TASK REQUIREMENTS:
Repeat exactly the lines of the records below, starting at the line containing "Såhär lagar de" and ending at the line containing "横手急須 湯呑 5客◆をお買取り。". Leave the pictures out.

[[ DATA TO PROCESS, beginning ]]

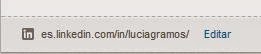 4- Personaliza tu URL. Estaría bien y es recomendable personalizar vuestra url de Linkedin para que sea amigable y así ponerla luego en el CV de papel o en Twitter. Simplemente hay que darle a “editar perfil” y justo debajo de vuestra foto aparece la URL que podéis editar.
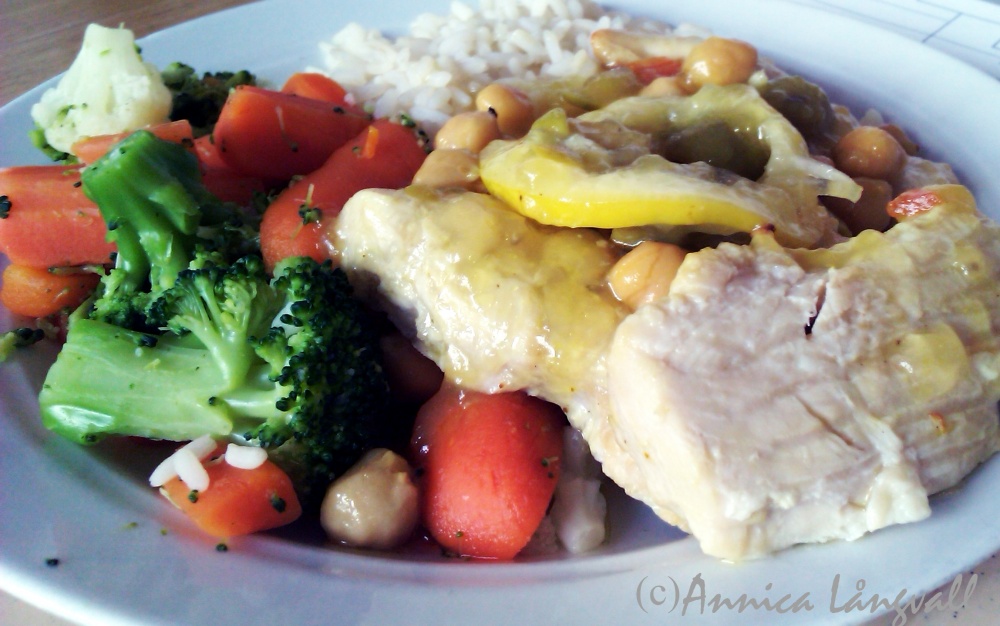 Såhär lagar de maträtten hos oss på kostenheten. Jag har inte själv lagat rätten hemma än, så kom gärna med kommentarer på receptet om ni testar det, eftersom det ju ibland är lite annorlunda att laga 4 portioner istället för 400… Kom ihåg att välja ekologiska citroner till de maträtter där du ska använda skalet. På så sätt slipper du krydda maten med bekämpningsmedel.
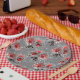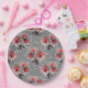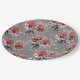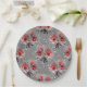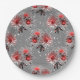 Red flowers on grey paper plate
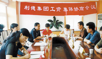 圖為天津市利德集團工資集體協商會議現場。(全總集體合同部提供)  工資集體協商機制是協調勞資關系、促進各方共贏的關鍵環節,也是構建和諧社會不可缺少的因素。如何使其盡早覆蓋所有企業是我們面臨的新課題——
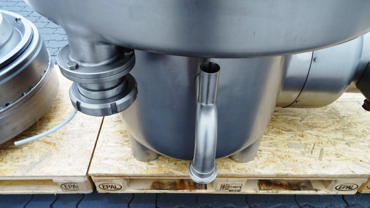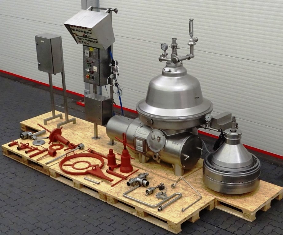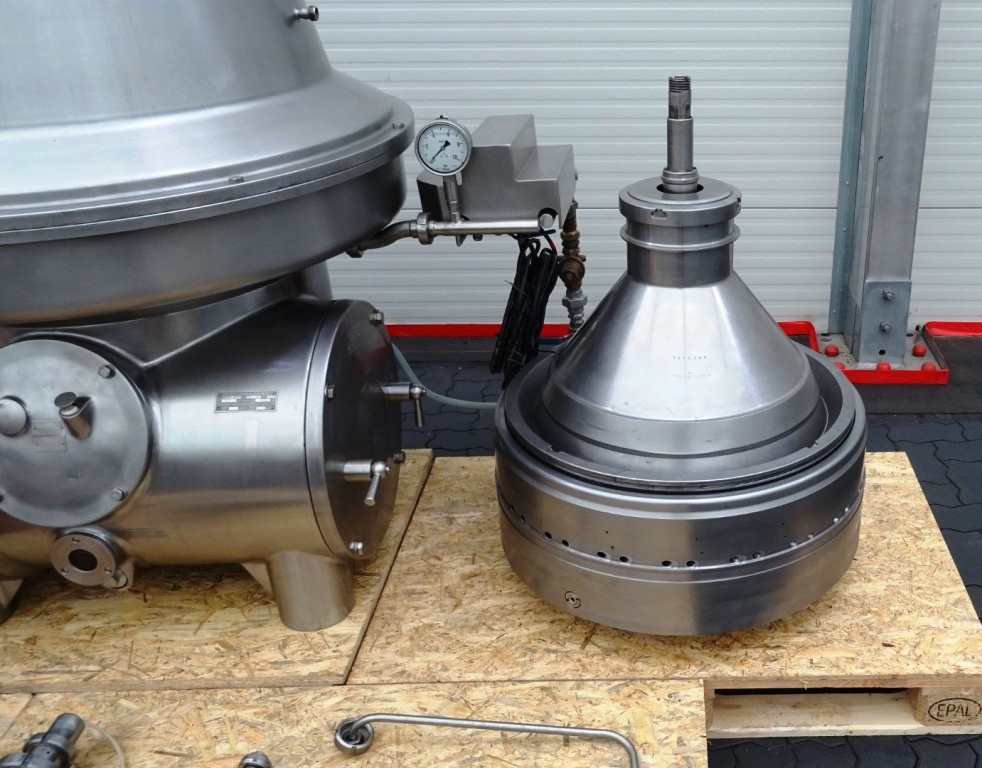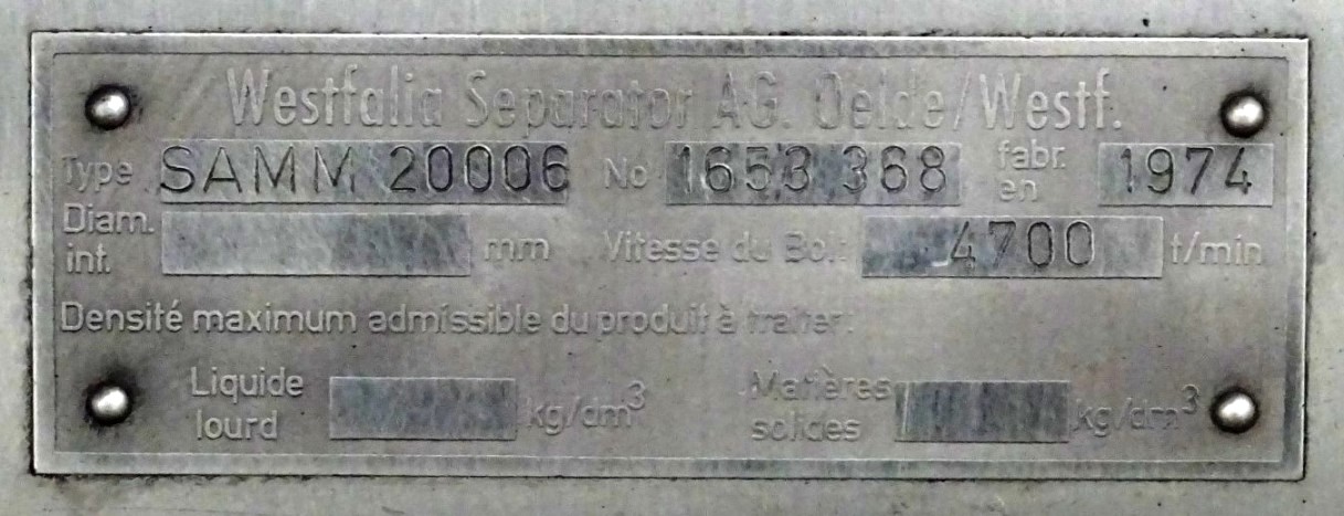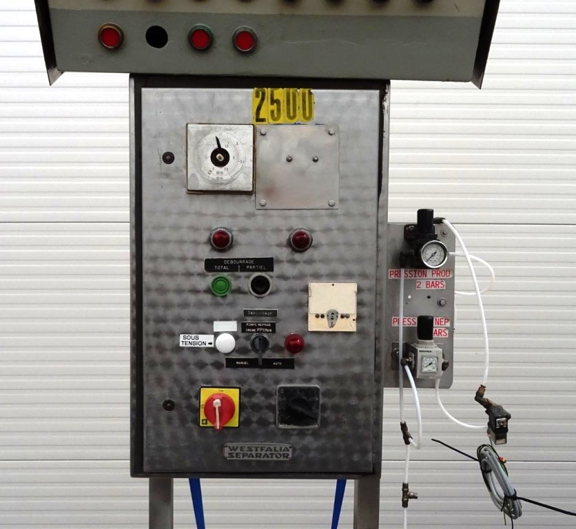 Max bowl speed 4700 RPM, rated @ 22,000 LPH on milk or whey. 30 KW motor 380/3/50/1470 RPM, sludge tank, water valves, base plate, flow meter and inlet/outlet pipes, tools and controls. 1974 vintage. Very good condition. Located in Europe.
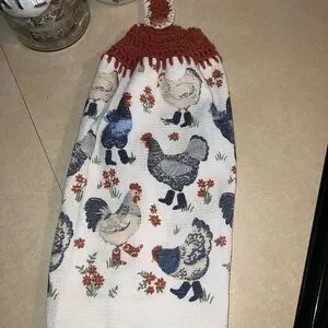 Charming kitchen towel with chicken design. Features rust crochet top for easy hanging. Adds a cozy touch to your kitchen decor.
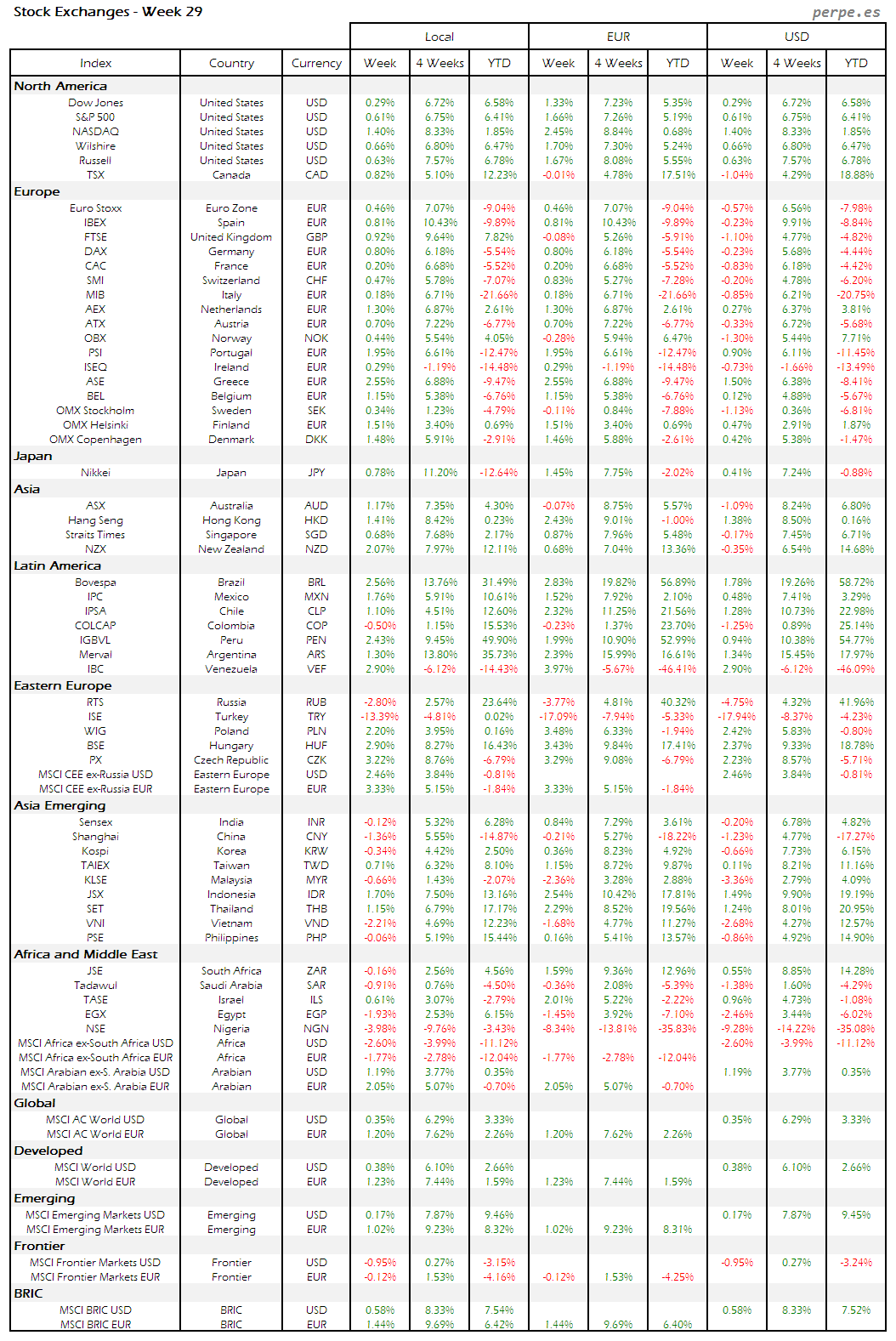Bolsas Mundiales – Moneda Local, EUR, USD: Semana 29
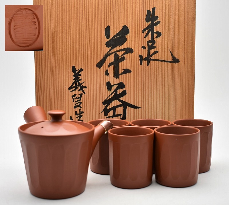 【石川県加賀市】のお客様より◆常滑焼 井上義叟 朱泥 茶器揃 横手急須 湯呑 5客◆をお買取り。
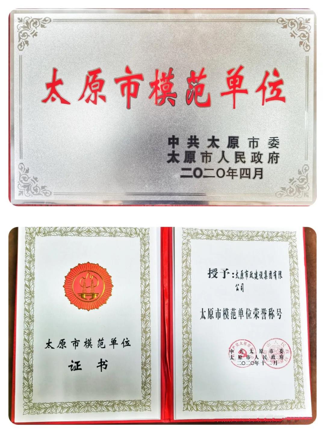 集團(tuán)公司被市委、市政府授予“太原市模范單位”榮譽(yù)稱號(hào);聚興勞務(wù)公司王留金榮獲太原市“特級(jí)勞動(dòng)模范”榮譽(yù)稱號(hào);一公司張棟超榮獲太原市“勞動(dòng)模范”榮譽(yù)稱號(hào);二公司王天榮、郝紅勝被命名為“晉陽工匠”榮譽(yù)稱號(hào);一公司汾東污水處理廠及配套管網(wǎng)一期二步工程項(xiàng)目部、二公司火車南站西廣場導(dǎo)改工程項(xiàng)目部和聚興勞務(wù)公司孫瑞臣勞務(wù)隊(duì)被授予太原市“工人先鋒號(hào)”榮譽(yù)稱號(hào)。

[[ DATA TO PROCESS, end ]]

SOLVED PROBLEM:
 Såhär lagar de maträtten hos oss på kostenheten. Jag har inte själv lagat rätten hemma än, så kom gärna med kommentarer på receptet om ni testar det, eftersom det ju ibland är lite annorlunda att laga 4 portioner istället för 400… Kom ihåg att välja ekologiska citroner till de maträtter där du ska använda skalet. På så sätt slipper du krydda maten med bekämpningsmedel.
 Red flowers on grey paper plate
 圖為天津市利德集團工資集體協商會議現場。(全總集體合同部提供)  工資集體協商機制是協調勞資關系、促進各方共贏的關鍵環節,也是構建和諧社會不可缺少的因素。如何使其盡早覆蓋所有企業是我們面臨的新課題——
 Max bowl speed 4700 RPM, rated @ 22,000 LPH on milk or whey. 30 KW motor 380/3/50/1470 RPM, sludge tank, water valves, base plate, flow meter and inlet/outlet pipes, tools and controls. 1974 vintage. Very good condition. Located in Europe.
 Charming kitchen towel with chicken design. Features rust crochet top for easy hanging. Adds a cozy touch to your kitchen decor.
Bolsas Mundiales – Moneda Local, EUR, USD: Semana 29
 【石川県加賀市】のお客様より◆常滑焼 井上義叟 朱泥 茶器揃 横手急須 湯呑 5客◆をお買取り。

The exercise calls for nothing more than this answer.